Making the U.S. Olympic equestrian team is much about timing, and neither Jessica Springsteen nor Georgina Bloomberg has been fortunate in that respect in recent months.
The show jumpers are entered in this week’s Longines Masters of Los Angeles among several Olympic hopefuls, including three of the four members of the 2012 U.S. Olympic show jumping team.
But neither Springsteen nor Bloomberg is riding her best horse in L.A. Springsteen’s Vindicat W and Bloomberg’s Juvina have been hampered by leg tendon problems for months and may not be able to compete again until next year, if at all before the Rio Games.
So Springsteen, daughter of rocker Bruce Springsteen, and Bloomberg, daughter of former New York City mayor Michael Bloomberg, add that adversity on top of trying to beat out more experienced Americans by next summer to make a four-rider Olympic team in an event where the U.S. quartet won gold in 2004 and 2008.
“So much depends on having the right horse and having everything working in your favor at the right time, your horse being peaked and your horse being sound,” said Melanie Smith-Taylor, a 1984 U.S. Olympic show jumping team champion who has covered the last seven Olympics for NBC.
Springsteen, 23, in particular looked like a hopeful for Rio 2016 even before the London 2012 Olympics, when she was a teenager showing promise in a sport where athletes in their 40s, 50s and even 60s have won medals. She’s been competing since she was a kindergartener.
She was the 14th-ranked rider in the final standings when the four-rider 2012 Olympic team was announced. Springsteen’s farm purchased Vindicat W, which a Brit piloted to Olympic gold in London, one month after the Games. By April 2014, she and Vindicat W were ranked No. 2 on the U.S. Equestrian rider/horse list.
The complete 2016 U.S. Olympic show jumping team selection procedures haven’t been published yet, but it’s anticipated that the team of four riders and horses will be chosen from a list of at least 10 rider/horse combinations finalized in April.
That list of at least 10 will be made up primarily of riders and horses whose competition results rank them high on lists such as the one Springsteen and Vindicat W were No. 2 on in April 2014.
With Vindicat W out, Springsteen’s ranked No. 51 and No. 58 on that list’s most recent update last Friday, though she won the most recent rider of the week honor following a win on another horse in a Vienna, Austria, event earlier this month.
This came after Springsteen became a Gucci model and was named by one British outlet as one of the world’s 50 most marketable athletes over the next three years.
Springsteen’s confidence was higher last spring, when she had Vindicat W and was among 10 finalists for the U.S. team for the World Equestrian Games, the sport’s prestigious, once-every-four-years event.

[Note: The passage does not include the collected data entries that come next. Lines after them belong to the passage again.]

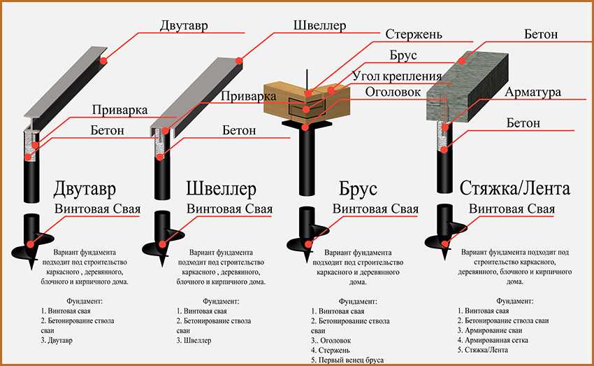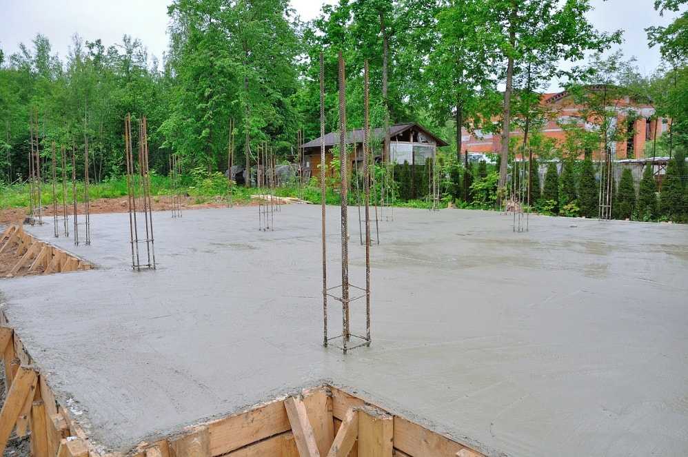 Основанием для бетонного дома может служить свайно-винтовой, плитный или ленточный фундамент. Предпочтение тому или иному варианту отдаётся в зависимости от следующих факторов: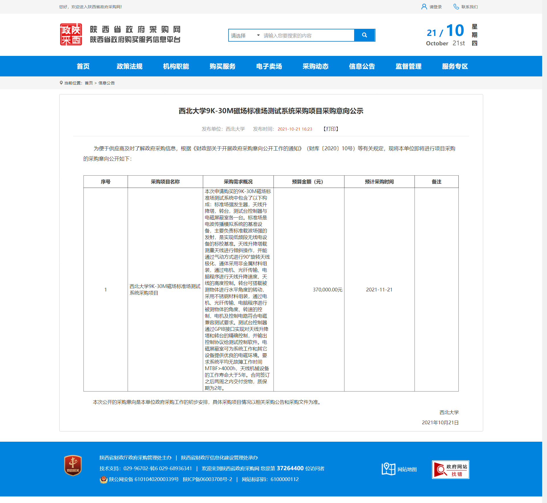 伟德国际1949始于英国9K-30M磁场标准场测试系统采购项目采购意向公示 作者: 编辑:采购与招标办公室 时间:2021-10-21 原公告地址:http://ccgp-shaanxi.gov.cn/notice/noticeDetail.do?noticeguid=8a85be337c20d0b4017ca1bd9ec34088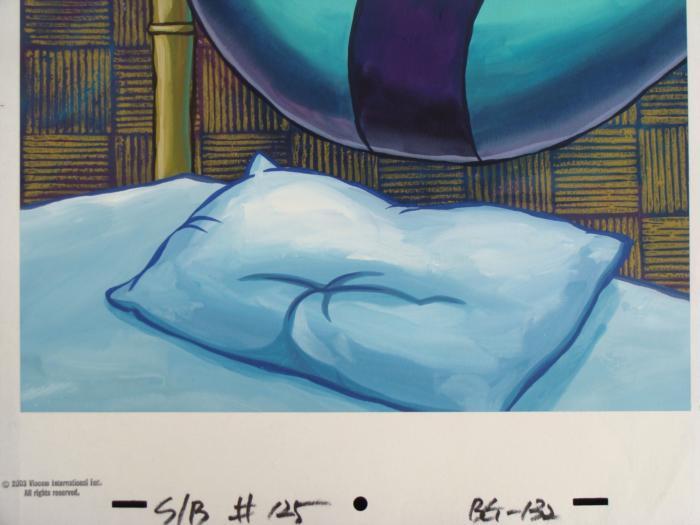 These are 2 original hand-painted backgrounds from the Nickelodeon television show SpongeBob Squarepants. The story takes place under the deep blue sea in Bikini Bottom, where SpongeBob resides. SpongeBob, who is a yellow, porous sponge, is your typical happy-go-lucky character, as he is always cheerful and enjoys making people laugh. His best friend and neighbor is Patrick Star, a starfish who boasts knowing nothing and is often getting himself into ridiculous situations. Between the homes of these two lies the home of the miserable Squidward, a squid, who is known for being grouchy and playing tricks on SpongeBob and Patrick. Both SpongeBob and Squidward work at the Krusty Krab, a fast food business run by the greedy money-loving Mr. Krabs, a crab, the arch rival of the evil, possibly misunderstood, Plankton. Another neighbor, Sandy Cheeks, an athletic squirrel who normally wears an astronaut's space suit, was introduced in "Tea at the Treedome." She spends most of her time inventing and experimenting. These backgrounds are interiors of SpongeBob's bedroom. One shows his pillow, and the other has an image of his wall or wallpaper. Original Production Background on paper, with peg holes Sizes of sheets: 10 1/8 x 12 3/4 inchesVery good condition; have been stored rolledOriginal Production Backgrounds are used in the making of the final version of animated productions. The background establishes the location and the overall good mood of the scene. Typically, a background layout artist creates a drawing to establish the content of the scene, placement of characters, perspective and camera angle. Based on this drawing, the background artist creates a preliminary painting to confirm all of the scenes details, then the final production background which is used in the filming of the scene. When these backgrounds are individually photographed behind the progression of production cels, and projected at a rapid succession, the images in the foreground appear to move, creating an animated scene. The backgrounds are ready to be matted and framed. They include animator's notations at the lower edge, and one has a 2003 Viacom stamp at the lower left corner.

Springsteen did not make that team, and the U.S. won bronze without her in Normandy, France.
“It really felt like the Olympics was the next goal,” Springsteen said in a recent phone interview, before the Vienna victory. “It’s definitely a disappointment to not be in contention for that right now, to not have a horse I can compete with. Right now, I’m looking for a new horse.”
Bloomberg, 32, came back from December 2013 childbirth to win the Central Park Grand Prix in September 2014 riding her top horse, Juvina.
She returned to headline the event last weekend but without Juvina.
“There is, in my opinion, no horse that’s more talented than she is in the world. It’s always the best one that’s injured,” Bloomberg joked in Central Park before last week’s event. “That’s the way it works. [Juvina] would be sort of my first choice for Rio, and it does not look like she will be back for next year. Obviously I’m hoping, but I have a couple of other horses that are stepping up and hopefully will surprise me. It’s still something I will work my ass off to try to accomplish.”
Bloomberg was the fourth-ranked U.S. rider in March, when Juvina first suffered the tendon injury.
She was part of the U.S. team at the Pan American Games in July in Toronto, where she was the third-best American out of four in the individual jumping competition.
Now, she is ranked eighth and ninth on two other U.S. Equestrian rankings lists where Springsteen is 23rd and 21st, respectively. They’re looking up at the likes of Olympic team event champions McLain Ward and Beezie Madden, who will be 40 and 52 years old, respectively, come Rio 2016.
“It’s hard in our sport because obviously the rider’s only 50 percent,” said Bloomberg, who in her career has suffered a concussion from a fall and broken her back, collarbone, an ankle and wrist. “You’ll see a lot of talented riders that work very hard and are very deserving but will never make the Olympic Games just because they don’t have the right horse at the right time.”